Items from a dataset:
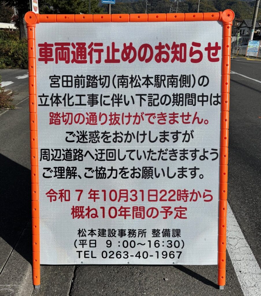 通勤時に普段利用している南松本駅南側の宮田前踏切が先月31日の22時から通り抜けが出来なくなりました。ここの踏切の遮断機が下りている時間が長い為、地元では『開かずの踏切』とも呼ばれていました。
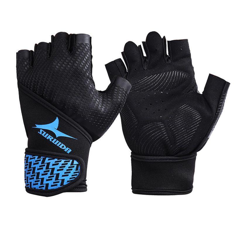 Мужские и зимние перчатки для велоспорта, мотоциклетные перчатки с половинным пальцем, амортизирующие, водонепроницаемые, спортивные, нескользящие, для фитнеса, спорта XL чёрный/синий
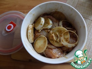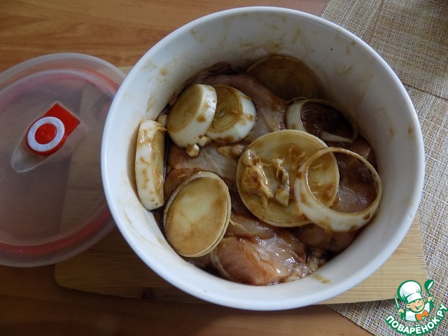 Я взяла грудку от целой курицы. Отрезала её вместе с косточкой. Сняла с неё кожу. Помыла, обсушила бумажным полотенцем. Выложила в посуду с крышкой. Налила соевого соуса. Порезала луковицу кольцами, чеснок произвольно порезала и отправила к грудке. Перемешала руками, накрыла крышкой и дала замариноваться прямо на столе 30 минут. Пару раз перевернула грудку за это время. Не солила. Я делаю диетическую грудку, мне хватит соевого соуса. Не перчила. Поперчить можно по желанию готовое блюдо.
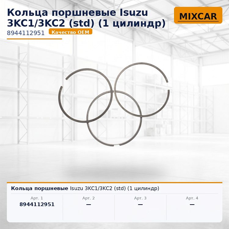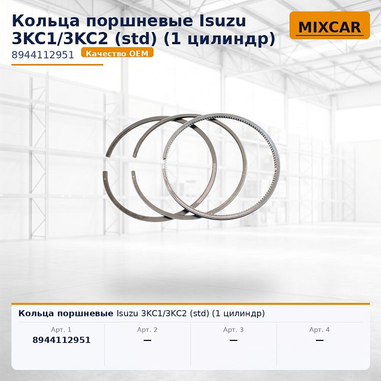Кольца поршневые Isuzu 3KC1/3KC2 (std) (1 цилиндр).
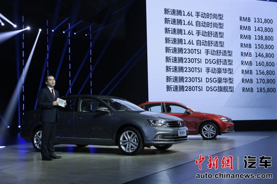 中新网3月24日电 昨晚,一汽-大众宣布新速腾正式上市,发动机升级为EA211系列,提供三种动力共计9款车型。售价区间为13.18-18.58万元。一汽-大众汽车有限公司董事、总经理张丕杰先生公布新速腾上市详细价格:1.6L手动时尚型:131,800元;1.6L自动时尚型:143,800元;1.6L手动舒适型:138,800元;1.6L自动舒适型:150,800元; 230TSI(1.4TSI低功率版) 手动舒适型:146,800元; 230TSI DSG(1.4TSI低功率版)舒适型:160,800元; 230TSI(1.4TSI低功率版)手动豪华型:156,800元; 230TSI DSG(1.4TSI低功率版)豪华型:170,800元; 280TSI DSG旗舰型(1.4TSI高功率版):185,800元

▶ _TASK OBJECTIVE_: Give the data again exactly, without pictures.

▶ _OUTPUT OF THE TASK_:
 通勤時に普段利用している南松本駅南側の宮田前踏切が先月31日の22時から通り抜けが出来なくなりました。ここの踏切の遮断機が下りている時間が長い為、地元では『開かずの踏切』とも呼ばれていました。
 Мужские и зимние перчатки для велоспорта, мотоциклетные перчатки с половинным пальцем, амортизирующие, водонепроницаемые, спортивные, нескользящие, для фитнеса, спорта XL чёрный/синий
 Я взяла грудку от целой курицы. Отрезала её вместе с косточкой. Сняла с неё кожу. Помыла, обсушила бумажным полотенцем. Выложила в посуду с крышкой. Налила соевого соуса. Порезала луковицу кольцами, чеснок произвольно порезала и отправила к грудке. Перемешала руками, накрыла крышкой и дала замариноваться прямо на столе 30 минут. Пару раз перевернула грудку за это время. Не солила. Я делаю диетическую грудку, мне хватит соевого соуса. Не перчила. Поперчить можно по желанию готовое блюдо.
Кольца поршневые Isuzu 3KC1/3KC2 (std) (1 цилиндр).
 中新网3月24日电 昨晚,一汽-大众宣布新速腾正式上市,发动机升级为EA211系列,提供三种动力共计9款车型。售价区间为13.18-18.58万元。一汽-大众汽车有限公司董事、总经理张丕杰先生公布新速腾上市详细价格:1.6L手动时尚型:131,800元;1.6L自动时尚型:143,800元;1.6L手动舒适型:138,800元;1.6L自动舒适型:150,800元; 230TSI(1.4TSI低功率版) 手动舒适型:146,800元; 230TSI DSG(1.4TSI低功率版)舒适型:160,800元; 230TSI(1.4TSI低功率版)手动豪华型:156,800元; 230TSI DSG(1.4TSI低功率版)豪华型:170,800元; 280TSI DSG旗舰型(1.4TSI高功率版):185,800元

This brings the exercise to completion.